Material for the task:
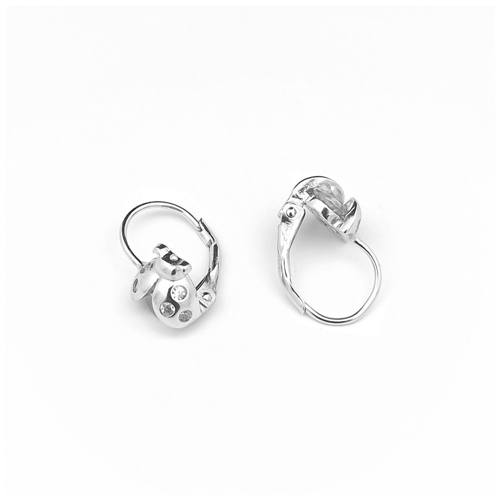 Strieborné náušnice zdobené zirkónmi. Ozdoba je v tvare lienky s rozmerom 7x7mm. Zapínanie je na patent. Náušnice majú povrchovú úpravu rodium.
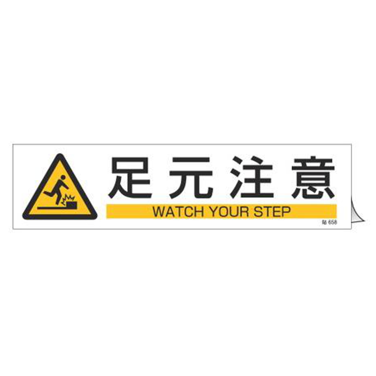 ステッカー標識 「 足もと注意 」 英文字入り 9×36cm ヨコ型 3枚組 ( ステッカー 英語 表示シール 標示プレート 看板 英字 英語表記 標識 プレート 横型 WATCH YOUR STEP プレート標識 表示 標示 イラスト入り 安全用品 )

...

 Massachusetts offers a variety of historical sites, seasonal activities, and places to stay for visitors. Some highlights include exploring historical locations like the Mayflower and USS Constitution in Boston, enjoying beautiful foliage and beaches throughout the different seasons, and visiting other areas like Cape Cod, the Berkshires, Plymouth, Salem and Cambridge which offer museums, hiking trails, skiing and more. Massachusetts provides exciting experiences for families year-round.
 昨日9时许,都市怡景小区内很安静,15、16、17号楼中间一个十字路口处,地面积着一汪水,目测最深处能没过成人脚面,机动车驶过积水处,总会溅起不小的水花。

Exercise goal: The answer must be the lines above from the one containing "Strieborné náušnice zdobené" through the one containing "ステッカー標識 「 足もと注意", reproduced exactly, with no pictures and nothing else.

Worked solution:
 Strieborné náušnice zdobené zirkónmi. Ozdoba je v tvare lienky s rozmerom 7x7mm. Zapínanie je na patent. Náušnice majú povrchovú úpravu rodium.
 ステッカー標識 「 足もと注意 」 英文字入り 9×36cm ヨコ型 3枚組 ( ステッカー 英語 表示シール 標示プレート 看板 英字 英語表記 標識 プレート 横型 WATCH YOUR STEP プレート標識 表示 標示 イラスト入り 安全用品 )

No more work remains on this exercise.